El Pentágono retiró este jueves de su cargo al capitán del portaviones estadounidense Theodore Roosevelt, afectado por un brote de coronavirus, destacando el mal manejo por parte del oficial de las comunicaciones sobre cómo la enfermedad se esparcía por el barco.

El secretario interino de la Marina de Estados Unidos, Thomas Modly, dijo que el capitán Brett Crozier actuó erróneamente al distribuir a una amplia gama de personas copias de una emotiva carta de cuatro páginas que describe la amenaza del brote para los casi cinco mil marineros del barco, permitiendo que se filtrara a principios de esta semana a medios estadounidenses, antes de que lo vieran altos funcionarios de Defensa.

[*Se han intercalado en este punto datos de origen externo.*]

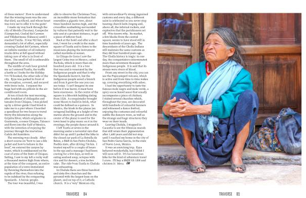 In Cholula there are three hundred and sixty-five churches and the pyramid with the largest base on the planet , and on top of it , a Catholic church . It is a ‘ very ’ Mexican city , with extraordinarily strong ingrained customs and every day , a different saint is celebrated so you never stop hearing church bells ringing and , above all , the infernal rockets , and explosives that the parishioners set off . Who knows why . Its market , a few blocks from the central square , seems to have stood still in time hundreds of years ago . The descendants of the Cholla Indians still maintain the same customs as they did four hundred years ago . The Cholla history is tragic : in one day , the conquistadors exterminated more than seventeen thousand Indigenous people . It is said that its streets were rivers of blood .

Modly dijo que si bien hasta el momento ha habido 114 casos de coronavirus en la tripulación, ninguno ha sido grave y Crozier exageró la situación al sugerir que los marineros iban a morir sin una acción rápida.

Brett Crozier «demostró tener un juicio extremadamente deficiente en el medio de una crisis» en su manejo de la carta, dijo Modly.

«Tergiversó los hechos de lo que estaba pasando en el barco» y creó «un poco de pánico» que era innecesario, dijo.

«No tengo dudas de que el capitán Crozier hizo lo que pensó que era lo mejor para la seguridad y el bienestar de su tripulación», dijo Modly, pero «desafortunadamente, hizo lo contrario».

Además de asustar a las familias de los marineros, «suscitó preocupación sobre las capacidades operacionales y la seguridad de ese barco, que podría haber envalentonado a nuestros adversarios para buscar ventaja», señaló.

El Roosevelt, uno de los dos portaviones de la Marina de Estados Unidos en el Pacífico occidental, ahora está atracado en la isla estadounidense de Guam, donde la mayoría de la tripulación era desembarcada y trasladada un alojamiento en la costa para descontaminar el buque.

La Marina dijo que el Contralmirante Carlos Sardiello, un excapitán del Roosevelt, reemplazará a Crozier.

Al marginar al Roosevelt, el brote de coronavirus obstaculizó un activo clave en la respuesta militar de Estados Unidos, aunque los funcionarios de Defensa dicen que no hay amenazas estratégicas inmediatas y que el barco puede salir al mar rápidamente si es necesario.

A principios de esta semana, el secretario de Defensa, Mark Esper, dijo que las fuerzas armadas de los adversarios también están siendo desafiadas por la COVID-19.